Orit Halpern, on how space has been permeated by software
Model:
The metaphor at the heart of Benjamin Bratton’s 2016 book The Stack is exactly that: a layer cake of ‘levels’ that animate the world. Bratton describes this assemblage as an “accidental megastructure” and the interaction of earth, cloud, city, address, interface, and user are the points of inflection for global governance. Appropriating the rhetoric of ‘a tech stack’ of libraries and protocols, or even vertical integration, the stack is a diagram that replaces the Mercator map of yesteryear—its neat and tidy delineations between states—with a new messy reality of corporatized Big Tech shaping geopolitics and lived experience.

Stack diagram by Metahaven.
Soundbite:
“The 1990s mythology that computation was virtual and immaterial got us into a lot of trouble.”
Benjamin Bratton, linking digital immateriality with the climate crises
Takeaway:
‘Data’ and ’waste’ are problematic qualifiers for thinking about what gets generated by technological systems. The distinctions are not as clear-cut as we might think are and often what we label as one, might actually be the other.
Takeaway:
We’ve been overly “blunt” in how we use the word ‘surveillance,’ and focused on its negative connotations. A more useful term is ‘sensing layer’ whereby that monitoring is mobilized for governance. In the popular vernacular about surveillance there is a concern about individuals being seen, watched, and compromised, but there are just as many cases of communities and bodies not being seen or tended to (e.g. the many demographics that have become invisible during the pandemic). We’ve been collecting the wrong data—habits of consumption—and it does not help conceive or implement needed positive social change. Climate science is a key example of the kind of datasets and archives we should be building—and acting on.
Soundbite:
“No one single neuro-anatomical disposition has a privileged monopoly on how to think intelligently. What might qualify as intelligence is not duty-bound to any species or phylum. The ability of an organism, however primitive, to map its own surroundings, particularly in relation to the basic terms of friend, food, and foe, is a primordial abstraction, which we do not graduate from so much as develop from this to something like reason and its local human variations.”

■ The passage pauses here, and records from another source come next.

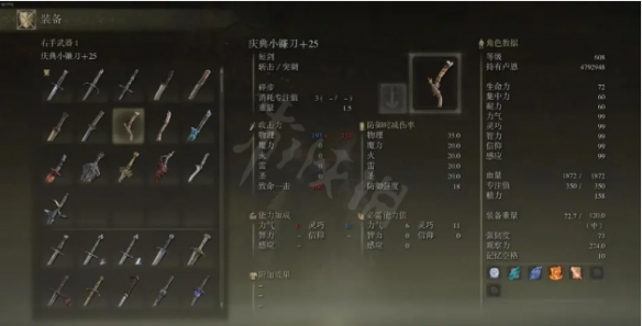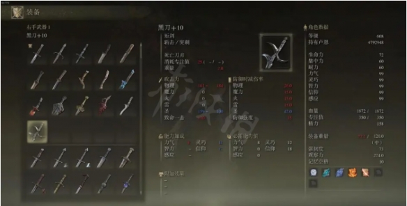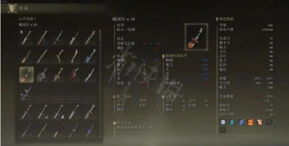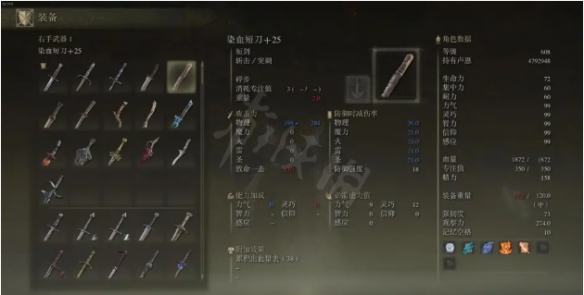 帶猩紅的武器就不用多說了,大家都被猩紅惡心過,猩紅類似劇毒,具體數值尚不詳,對BOSS貌似是固定數值?面板也還挺好的,吃靈巧,戰技是連擊,疊猩紅更快,疊上猩紅就可以換武器了。帶猩紅的武器只有四把,能上猩紅的短刀更是推薦的
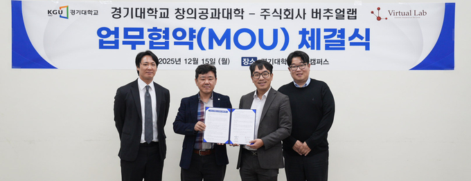 경기대에서 진행된 협약식에는 창의공과대학 장순웅 학장과 신소재공학전공 안계석 교수, 주식회사 버추얼랩 이민호 대표와 박민규 부사장 등 양 기관의 관계자들이 참석했다.
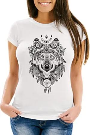 Damen T-Shirt Wolf Traumfänger Atzekenmuster Boho Bohamian Atzec Ethno Weiss S
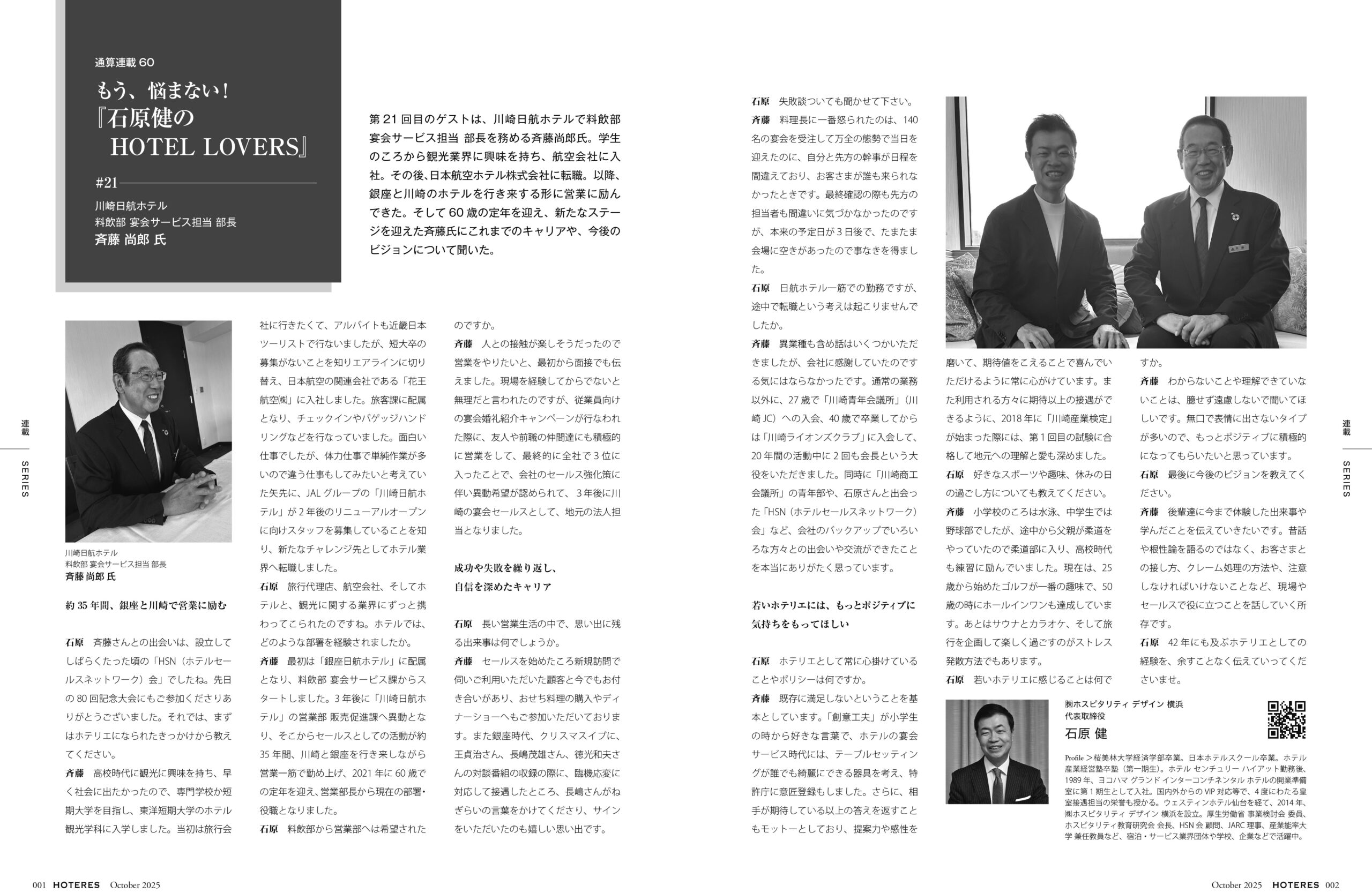 第21回目のゲストは、川崎日航ホテルで料飲部 宴会サービス担当 部長を務める斉藤尚郎氏。学生のころから観光業界に興味を持ち、航空会社に入社。その後、日本航空ホテル株式会社に転職。以降、銀座と川崎のホテルを行き来する形に営業に励んできた。そして60歳の定年を迎え、新たなステージを迎えた斉藤氏にこれまでのキャリアや、今後のビジョンについて聞いた。

Benjamin Bratton, dismissing the primacy of human consciousness
Resources:
• Benjamin Bratton, “Planetary Sapience,” Noema (2021)
• Richard Brautigan, “All Watched Over by Machines of Loving Grace” (1969)

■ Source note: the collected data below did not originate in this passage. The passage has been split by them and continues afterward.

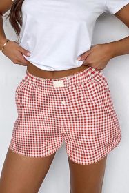 Rose Checkered Drawstring Elastic Waist Casual Shorts (size: (US 4-6)S)
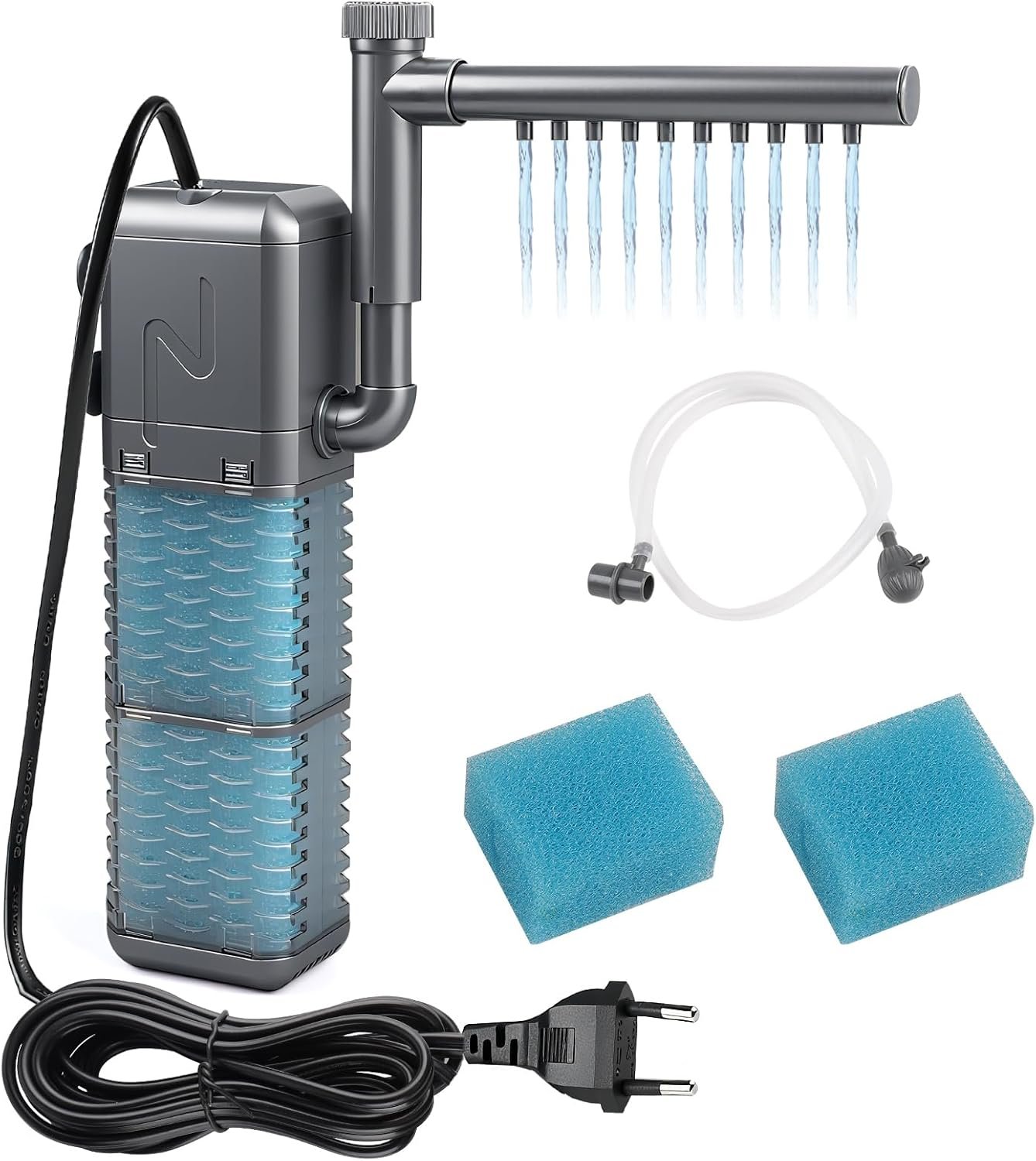 Der Aquarienfilter ist mit einem hochwertigen Motor ausgestattet, der leise und energiesparend läuft. Sie lässt sich leicht zerlegen und warten, was sie zu einer idealen Filterpumpe für Aquarien macht.
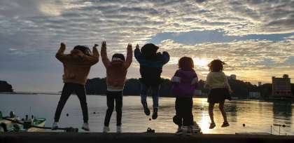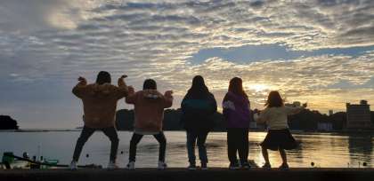 朝日を背景に写真撮影中です!
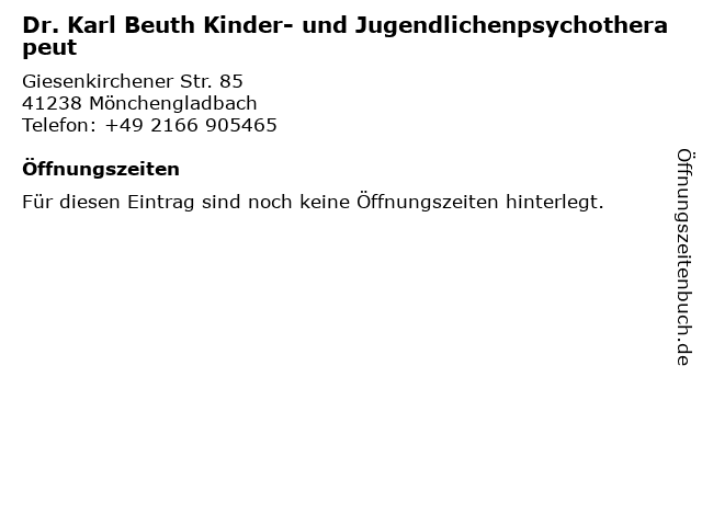 | Dr. Karl Beuth Kinder- und Jugendlichenpsychotherapeut anrufen | |

• Anastasia Sinitsyna et al, “Face As Infrastructure” (2020)
Commentary:
Bratton’s framing of the artificial vs. the synthetic, and the statement early in his keynote that “no one single neuro-anatomical disposition has a privileged monopoly on how to think intelligently” echoes some of my own recent research into unconventional computing and Artificial Life, a discipline in computer science concerned with building life, or intelligence, from the bottom up, rather than from the top down. ALife researchers see life as a property of form, not matter—a perspective Bratton evidently shares! The computer scientist Christopher Langton writes about life as a dynamic, non-linear system, which emerges from the interactions between parts. Using an analytic method to examine life’s constituent parts in isolation makes no sense, because we lose those critical interactions that define life. It’s more generative to take a synthetic approach, examining life’s constituent parts in each others’ presence—and even to build instances of those constituent parts in silico. “Rather than take living things apart,” Langton writes, “Artificial Life attempts to put living things together.”